Jean Hatzfeld has an amazing pair of books about the Rwandan genocide.
If you haven’t read Machete Season and Life Laid Bare, you should. The first explores the genocide through a series of conversations with the murderers; the second looks at the same events through interviews with the survivors.
Jean Hatzfeld has an amazing pair of books about the Rwandan genocide. If you haven’t read Machete Season and Life Laid Bare, you should. The first explores the genocide through a series of conversations with the murderers; the second looks at the same events through interviews with the survivors.
They are brutal books.
Tales of nice normal people picking up machetes and hunting through swamps looking for their former neighbors in order to hack them to death. Day after day after day.
It is hard to decide whether the accounts are more chilling when told by those who survived or those who spent a month killing their neighbors.
Hatzfeld has a third book. The Antelope’s Strategy. The subtitle: Living in Rwanda after the Genocide.
The book picks up after an amazing turn of events. The genocide ended when the government fell. Not surprisingly, the killers are imprisoned. (Well, maybe it is surprising that they were imprisoned rather than executed.)
But then, seven years later, with the agricultural fields throughout the country lying fallow and a need for workers to grow food, the government announced that the killers would be released. They returned to their old homes, suddenly living side by side again with the very people they had formerly tried to murder.
So, imagine you live in a Rwandan Village. Take you pick: which is the harder situation?
1) You survived the genocide by hiding in the swamps, evading the butchers, and now the very people who used to hunt you live next door—not just people like the people who hunted you, but the very same people;
2) You spent some time running through the swamps trying to kill people, and now you suddenly find yourself living next to someone whose family you hacked up with a machete and who only lives now because he evaded you.
Rwanda is full of people in both those situations. Hatzfeld interviews them. And the big question:
Can you forgive?
Is it even humanly possible to forgive in this situation?

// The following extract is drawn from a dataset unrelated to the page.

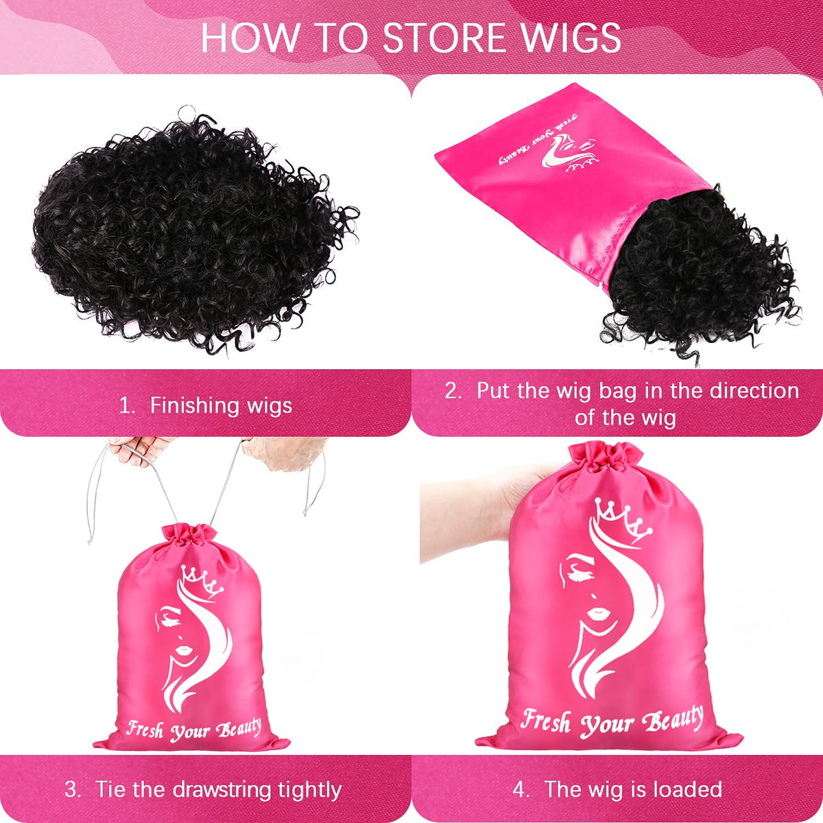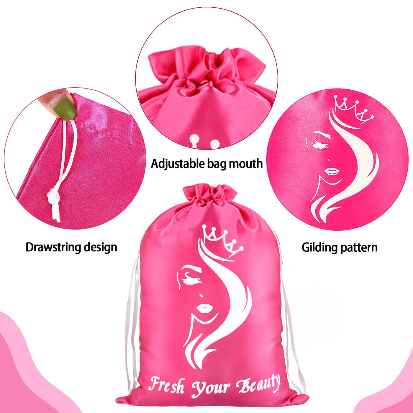 Remium Material: The satin bags for hair bundles made of qulity silky satin ,avoid static electricity,very healthy for hair storage ,packaging and travel.Definitely avoid some frizziness! | Save space:It is the best way to store your wigs as they seem to dry out sitting on wig stands for extended periods of time. These bags are soft and made of thick quality material. there is enough space to store 5-8 bundles or 3 wigs in one bag, depending on length and density. the bag can store them neatly and gain space by removing wig heads. | Multifunctional:You can get a lot of things into the bags with the very big size, not only the gifts, but also the daily small clothes, needle things or used as the knitting organization bag. It is perfect for hair bundles, wigs, gift wrapping, kitting bags, toys, small clothes bags, birthday, parties, celebrations, business and so on. | Rope drawing design:there are drawstrings on both sides of the wig bag, which are easy to open and close; The design of drawstrings makes the bag look more beautiful and can also load or take out items well, is a good helper for our travel or daily use. | Idea Gift: This wig bags is an ideal surprise you can plan to gift your girlfriend this Christmas, Thanksgiving day, Valentine's Day, or Mother's Day who loves dressing up and partying. It is a perfect hair extensions carrier solution for even those whose job is to carry hair extension often during travel.

Is it humanly possible to love your neighbor as yourself in this situation?
This is a gut-wrenching book in a very different manner than the previous books by Hatzfeld. In those books, the reader is faced with the depths of the depravity of Man.
In this book, we are faced with the limits of the ability of man to be good.
It is Right and Good to forgive. God forgives; we should forgive. (“Forgive us our trespasses as we forgive those who trespass against us”—it’s the Lord’s Prayer, after all.)
Not only is there depravity at the heart of man, but man has no ability, literally no ability, to be this forgiving.
“But if you do not forgive others, neither will your Father forgive your trespasses.”
The next time you are annoyed at someone on the other side of the political spectrum in America, remember this book.
Let’s be honest—nobody has wronged you this much. You have nothing to forgive that is on the same scale as the sorts of things people are forgiving in this book.
We should all learn to be a little more forgiving.